Dealing with racial differences is the single-most important challenge facing America in the 21st century, says a law dean speaking about the 50th anniversary of Brown v. Board of Education.

"If we can get this right, we can handle all other problems," said Christopher Edley Jr., founding co-director of The Civil Rights Project at Harvard University and former Harvard law professor. "If we don't do a good job in the coming years, we will have hell to pay. It may not be today, or even this year, but certainly within a generation."

The issue is not identification of a policy agenda for the president, policymakers or researchers in dealing with racial and social injustices, Edley said. The issue is whether America will have a moral and political consensus necessary to move forward.

Edley spoke to a packed Michigan Union Ballroom Jan. 19 as part of the MLK Symposium.
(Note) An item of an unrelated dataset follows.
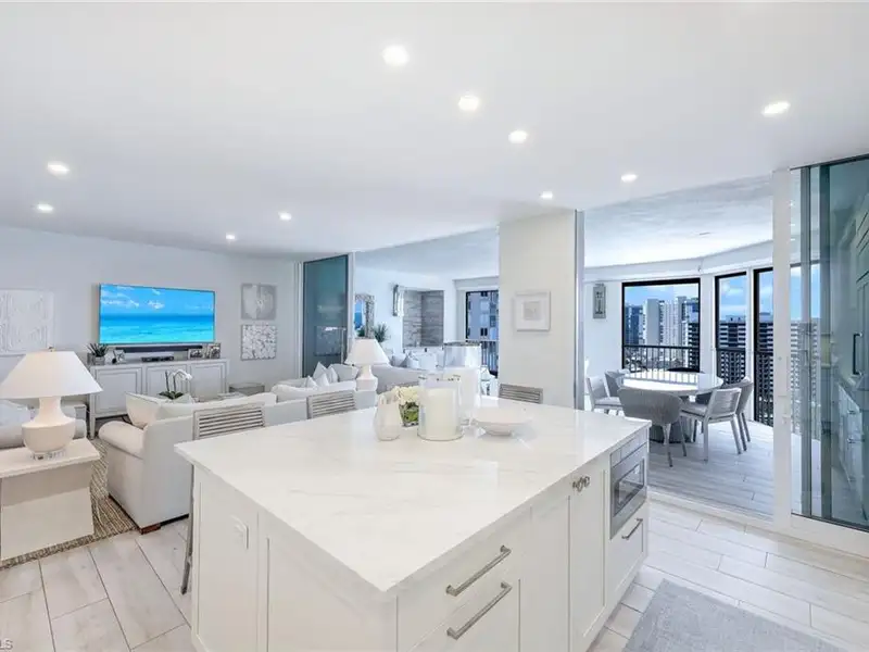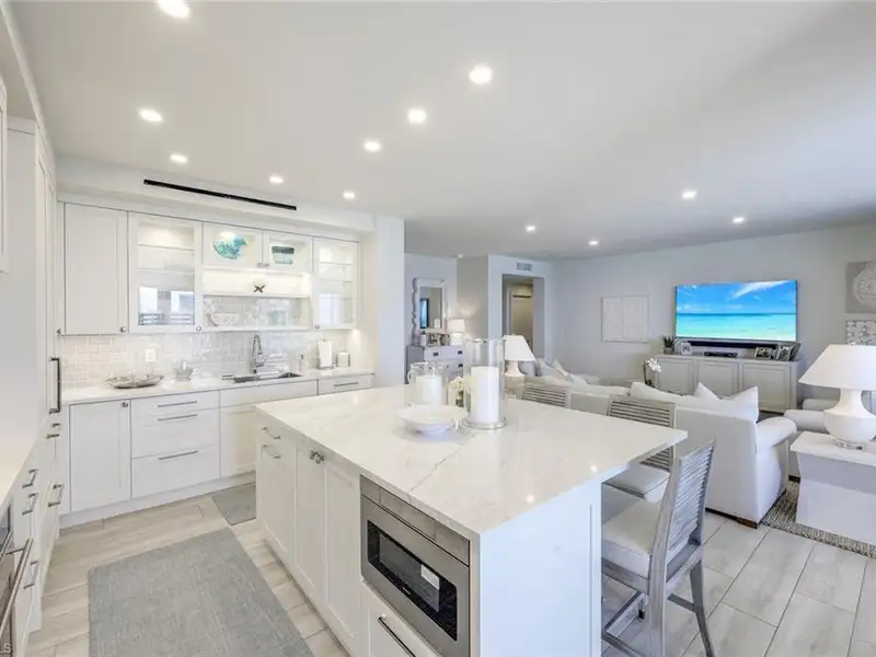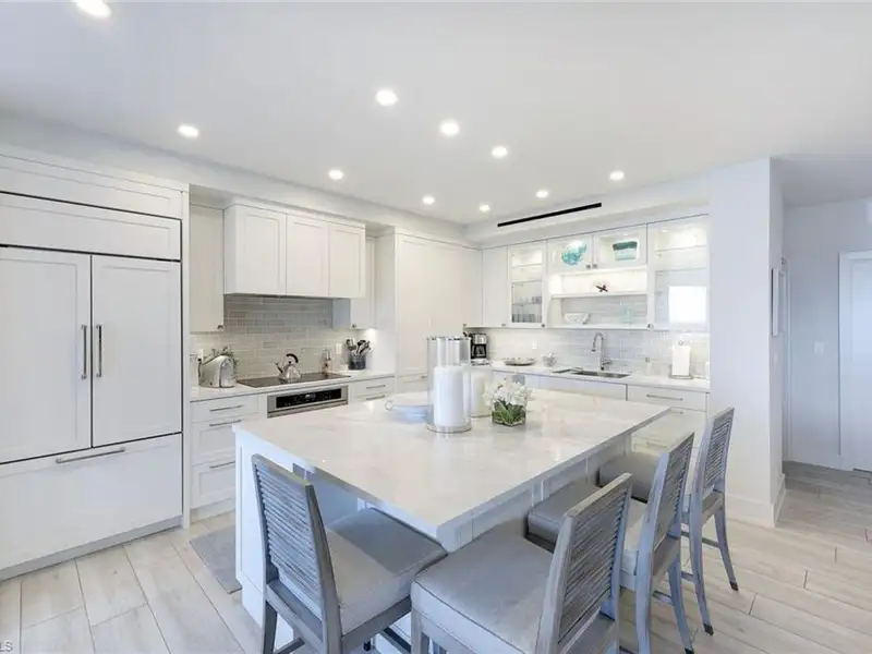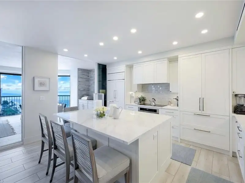 La Mer - Penthouse 105 offers you the unrivaled combination of location, views and ultra luxury living. Every detail of this residence has been thoroughly thought through providing you and your guests with the ultimate Naples beachfront vacation experience. Admire the custom cabinetry, quartz countertops, stainless appliances, oversized island, high-end finishes and fixtures with the perfect coastal contemporary furnishings to match. Large sliding glass doors leading out to your lanai allow for the perfect blend of indoor/outdoor living. Enjoy your electric grill and a cold beverage while overlooking the Gulf of Mexico and the perfectly manicured Park Shore landscaping. The building offers a spectacular community pool, fitness center, community room & grills. La Mer is the closest building to the Gulf of Mexico in all of Park Shore ensuring you are just steps to the white sandy beaches at all times. Conveniently located directly across the street from Venetian Village allowing you to e

U-M Law School Dean Evan Caminker introduced Edley, who Dec. 10 was named dean of the Boalt Hall School of Law at the University of California, Berkeley.
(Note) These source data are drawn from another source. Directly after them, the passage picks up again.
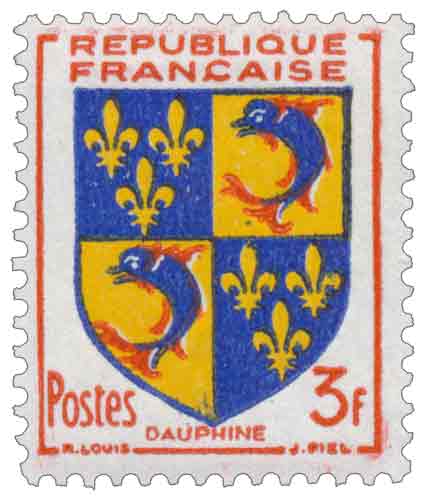 | Commentaire | Émis en France en 1953, le timbre-poste gommé représentant les Armoiries du Dauphiné appartient à la sixième série des Armoiries des provinces françaises, programme de la série courante destiné à rappeler l’héritage héraldique et territorial des anciennes provinces françaises à travers des timbres d’usage courant, et met en valeur l’identité historique du Dauphiné, principauté rattachée à la couronne de France au XIVᵉ siècle et durablement associée au titre de « dauphin » porté par l’héritier du trône ; mis en vente le 29 septembre 1953 à Paris à l’occasion du Salon d’Automne, puis diffusé le même jour dans l’ensemble des bureaux du territoire, ce timbre vertical de 3 francs est destiné à l’affranchissement des journaux, usage postal spécifique nécessitant des valeurs modestes mais produites en grandes quantités ; dessiné par Robert Louis et gravé par Jules Piel, il est imprimé en typographie, procédé industriel adapté à une forte diffusion, et reproduit avec clarté les armes traditionnelles du Dauphiné, dominées par le dauphin héraldique aux couleurs rouge, outremer et jaune, motif immédiatement identifiable et emblématique de la province ; cette émission s’inscrit dans la continuité des séries d’armoiries engagées après la Seconde Guerre mondiale, qui associent fonctionnalité postale et valorisation du patrimoine historique français sans caractère commémoratif explicite. |
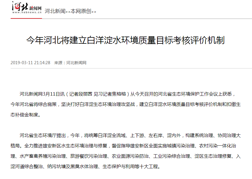 河北新闻网:今年河北将建立白洋淀水环境质量目标考核评价机制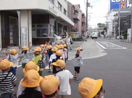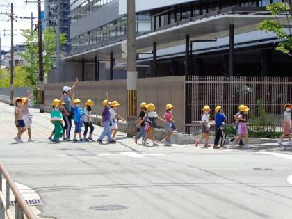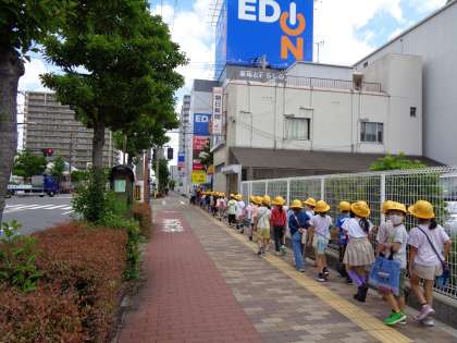 さわやかな青空の中、通学路たんけんに出かけました。登下校でいつも歩いている通学路ですが、交通標識や自転車と歩行者の専用道路などを確認しながら、安全に気を付けて歩きました。

Edley cited data about the changing racial landscape in the United States: The 2000 census counted more than 29 million immigrants living in metropolitan areas—an increase of 10 million since 1990. The number of Black Americans with origins in sub-Saharan Africa nearly tripled in the 1990s, he said.

"This assures us that the patterns we continue to see are growing and are here to stay," he said. "Soon, it will transform the workplace and every arena of national life. It will make America's struggle with difference as painful, and perhaps even as murderous, as the struggles elsewhere throughout the world."

Edley said the challenge is twofold; it requires dedication to completing a difficult, anti-discrimination agenda, and it depends upon building the next civil rights and racial justice movement. Race-neutral strategies are important to consider on political and ethical grounds, he said.

Affirmative action is far from a cure-all, Edley said, calling it a limited tool for a limited purpose. Affirmative action is, in some ways, a transitional policy, he said.

But, Edley said, affirmative action is worth fighting for because it is a tool that takes qualified individuals standing at the threshold of some opportunity, and helps them get across that threshold, even while facing some form of individual or structural bias.

Speaking on Brown, Edley said the ruling proved the Supreme Court has the power to make social revolution and to force dramatic social change, even against majority opposition. The case also showed effective advocacy within the law need not have popular legitimacy, he said.

The Bentley Historical Library, Information Technology Central Services, Kresge Business Administration Library, Law Library, the Office of Academic Multicultural Initiatives, School of Information, University Housing and the University Library sponsored the lecture.